It may not have the romantic appeal of Paris on the eve of war, but the Internet is now the place for soldiers and Marines in combat to fall in love - through online dating services.

"It always amazes me when I think about how I had to go to Iraq to meet the person I would be with back in the United States," says Jonathan Stoddard, 26, who met Lisa Wagner online while serving as a Marine lieutenant in Anbar province and married her in Fullerton, Calif., last Oct. 26.

Dating services such as Match.com and eHarmony are reporting that numerous servicemembers are finding romance with someone in the United States while serving in Iraq or Afghanistan.

The percentage of military members joining eHarmony online dating increased by 56 percent from 2006 to 2008, says Gian Gonzaga, an eHarmony research psychologist. The companies do not have statistics on how many of their military personnel are deployed overseas.

The life-altering experience of going to war often focuses the romantic mind, Gonzaga says. "When you are reminded of your own mortality, the theory kind of boils down to, you remember what's most important to you, which is relationships," he says.

Access to military Internet cafes in the war zones, or online links for personal laptops, has allowed troops to e-mail, blog and post to MySpace or Facebook pages.
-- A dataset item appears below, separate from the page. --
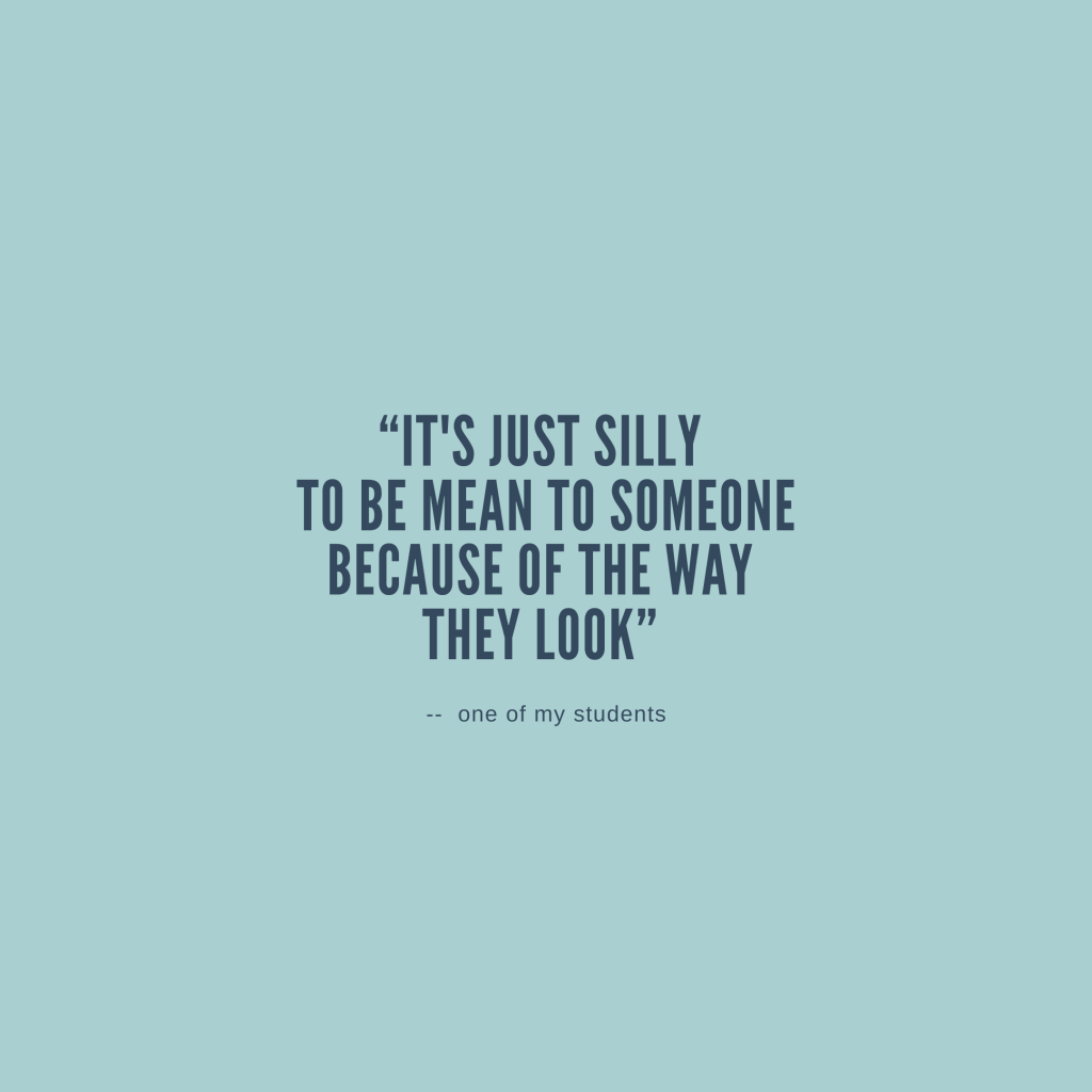 CJ: (pause) … it’s just silly to be mean to someone because of the way they look.

Cultivating a romance from half-a-world away in a combat zone can be dicey.

At first, Lisa Stoddard, 24, a nurse, fretted that Jonathan's online overtures were stoked more by sheer loneliness, than true feelings for her, she says. "But through talking to him, I was reassured he was very sincere and genuine," she recalls. Their first get-acquainted chats were over a satellite phone with Jonathan huddled outside - to get the uplink - dressed out in helmet and body armor.

Army Capt. Eric Berard, 38, says online dating was a no-brainer when he deployed to Iraq. "With introduction of the digital age to (the) battlefield, communication is instantaneous and with virtually millions of possibilities," he says.

Berard was in Mosul when he was matched - with an 87 percent compatibility rating - to Deborah DeFilippo. They dated online during his 2004-05 deployment and married Nov. 9, 2006.

"The whole romantic fantasy that plays out in your head of meeting a man at war - the things you see in the movies - I'm sure that was a part of it," says Deborah DeFilippo-Berard, 42, who had previously dated a policeman and a firefighter. "I've always had a thing for men in uniform."

DeFilippo-Berard will join her husband, who is stationed in Germany, later this year. She says the long-distance courtship allowed her and Eric to become thoroughly acquainted. "When I met him (after he returned from war), I probably knew more about him than any other man I had dated."